3 minute read
Echo, Aster Gamarnik ’23
Aster Gamarnik ’23
Echo
Rain gently patters on the hood of my coat, clumsily tumbling down to land on my nose. The seams of my tattered boots surrender to the surrounding mud, as my exposed socks dampen. Yet my feet remain firmly planted in the ground. Those insufferably stubborn things have probably grown roots by now. A whisper of fog escapes my lips and dances away into the glum, darkening sky.
An hour: that’s how long it’s been. That’s how long my eyes have been resting firmly upon that old well. Perhaps we are having a staring contest? A true bonding moment. After brewing in the steaming hot mess of a head for a while, my thoughts finally settle, formulating a simple composition. I let those words cascade from my mouth, unsure of their intentions, not conscious enough to care.
“You know? We’re a lot alike, you and I.”

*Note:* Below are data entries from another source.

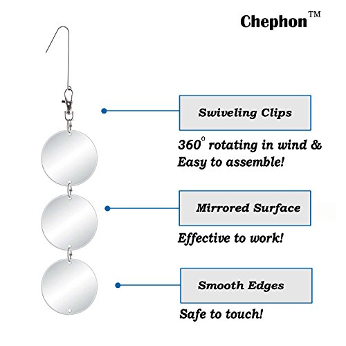 ✔ UPGRADED Version - Each pack has 3 Double-Sided Mirrored discs for more effective bird repellent. Forget the useless ones with only one reflective side.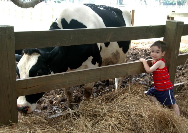 20070708-6866 Kyle and a cow at the farm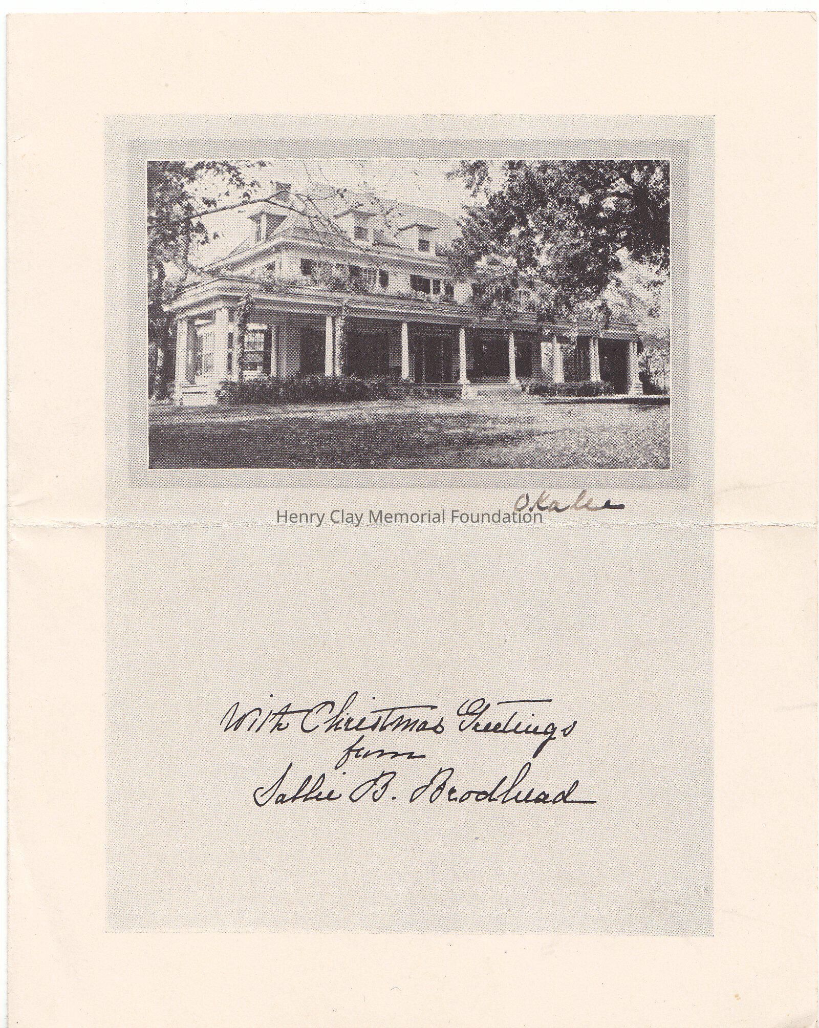 A Christmas card, with a picture of a house depicted on the top half. Under the house in pen, "OKallee" and always in pen on the bottom half " With Christmas Greetings from Sallie B. (Arodluad?).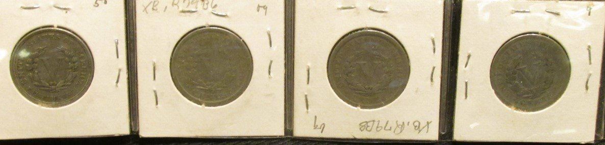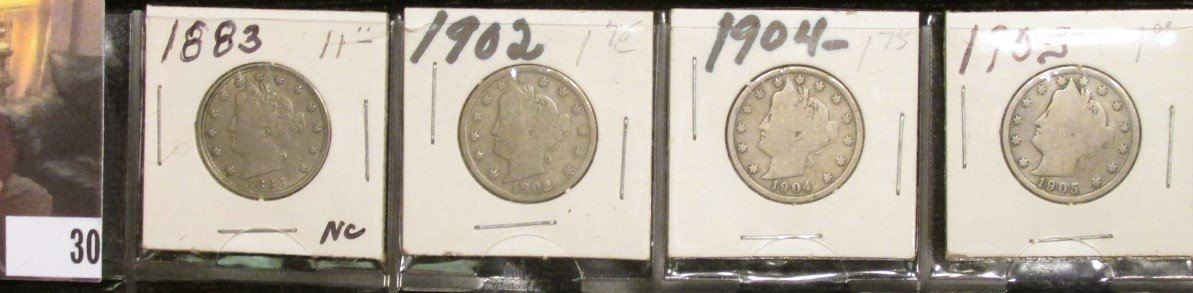1883 No Cents, 1902, 1904, & 05 U.S. Liberty "V" Nickels, Good to VF.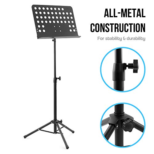 TIGER MUS7-BG Leggio musicale robusto in metallo per scuole, orchestre e cori - con custodia - colore nero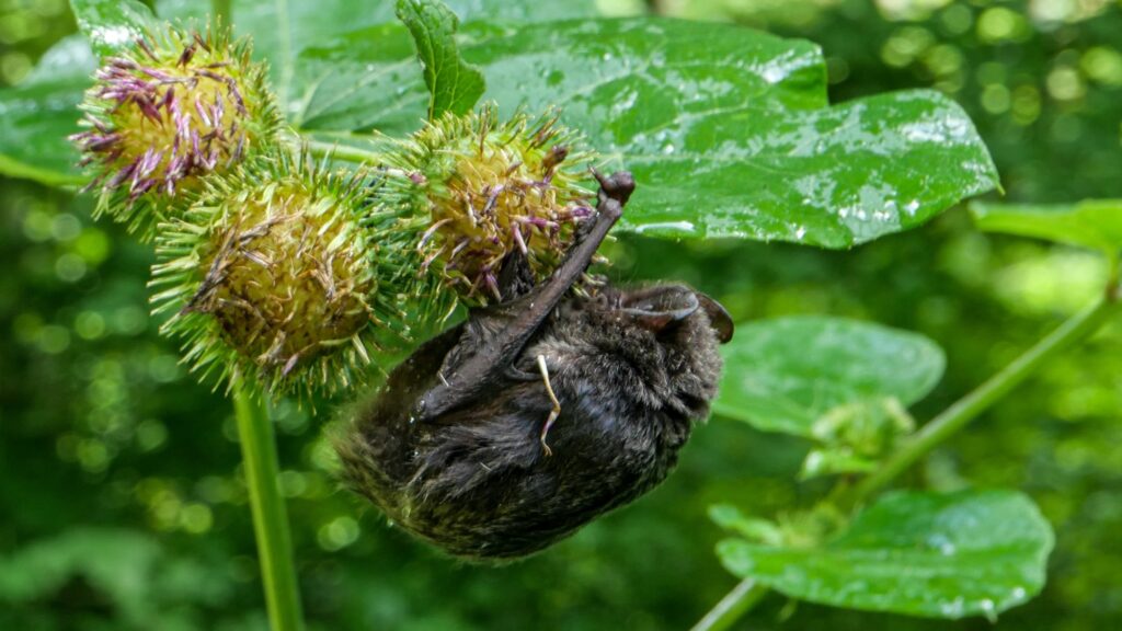 Le soir, nous dînons dans un agréable Biergarten d’une magnifique truite à la cuisson impeccable. En attendant le café, je me mets en quête de savoir quelle espèce de chauve-souris passe sa journée endormie sur des plantes comme la bardane. Et là, que lis-je ? « Des observations ponctuelles rapportent le piégeage accidentel de petites chauves-souris, telles que la pipistrelle commune (Pipistrellus pipistrellus), la noctule commune (Nyctalus noctula) ou le murin de Natterer (Myotis nattereri), par les infrutescences sèches et crochues de bardanes (Arctium spp.) et de chardons (Cirsium spp.). Ces crochets peuvent retenir le pelage ou les ailes, entraînant souvent la mort par épuisement ou prédation. Bien que rare, ce phénomène illustre un risque sous-estimé même en milieu ouvert comme forestier. ». Mireille avait raison ! (J’aurais pu m’en douter, elle est abonnée à La Hulotte, quand même !). La pauvre petite chauve-souris était morte par effet velcro, prisonnière de la bardane, ou pire, elle était encore vivante et nous aurions pu la libérer du piège bardanesque. Quelle méprise ! Quelle horrible désillusion !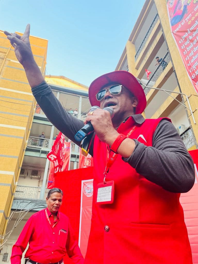 Com. Venu P. Nair, GS/NRMU(CR/KR) was quiet loud and clear while addressing the meeting and spoken on various anti-labour policies of Government like Privatization & Outsourcing of Rly. activities, non filling of vacancies, withdrawal of NPS and said this mass is just the intimation to Government that in future if government wont change its anti labour policies and if Com. Shivgopal Mishraji, GS/AIRF gives call for stoppage Rail systems, NRMU will be the first Union in implementing the order of GS/AIRF within half an hour. His speech was received with thunderous applause by the audience.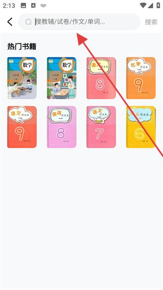 1、打開快對作業APP,在搜索欄輸入想要查找的教輔、試卷等相關內容,點擊搜索,查找目標教材或資料。

I wait foolishly for a response, but the only consolation I receive is the sound of little droplets who finally decided it was time to let go. What if those droplets were leaving behind their little droplet friends to venture on into the abyss? Is it heroic? Is it self-destructive? Or is it all the same thing? But who cares anyway? It’s just a stupid droplet. After realizing the pathetic tangent my feeble brain decided to travel down, I fixate back upon the well.
“It’s funny, isn’t it? They use us. They use us but never appreciate us. Those people wouldn’t even dream of giving us a second thought, of considering us. That is, unless we are no longer able to serve them. Beyond getting their personal needs, they couldn’t care less. It’s funny, isn’t it?”
Only a melancholy murmur of droplets answers my desperate call. Is silence my only solace?
“And then they never think about how much we can take. I mean . . .” A raw dread clasps my throat. “Your poor walls can only hold so much water, just as my head can only hold so many of others’ burdens. It’s . . . It’s only when we break down or flood that they notice. Only then. But what about until then?” My eyes trace up the cracks in the stones to rest upon the old well again.
I stop, knowing there is not much more to say, even though my head still bubbles with a billion thoughts: the shrieking voices of anxiety and lonely echoes of past mistakes. A clumsy drop spatters onto my grazed knee and a sting surges up my leg. I search in vain for any last thoughts to set free. Anything! Anything?
Finally I say, with a soft grin growing from the corners of my mouth:
“I’ll take care of you.”
I have always believed that people deserve to be treated the way they treat others; that is why I am an echo. I return whatever people send my way. If they treat me with violence, I spit in their faces with equal hatred; but if they treat me with care, I repay that kindness a hundred times over. Most importantly, if someone does not know who they are, I reflect their voices back to them. I paint their portraits with their own words.
But this young boy knows something about me that I never had a chance to show the world: how I feel. Empathy is a reflection of sentiments, fueled by personal experiences. Never in all my years would I have imagined this boy to empathize with me. I am an echo; empathy is my entire existence, yet he echoed me first.
Unknowingly, he planted a seed in both our minds, and I must aid its growth. So I reply:
“I’ll take care of you.”
Finally, I watch a young boy in a raincoat, with tattered boots and strawberry-stained knees, break free from his stoic stance and meander away. The seed has been planted; a beautiful mind will bloom.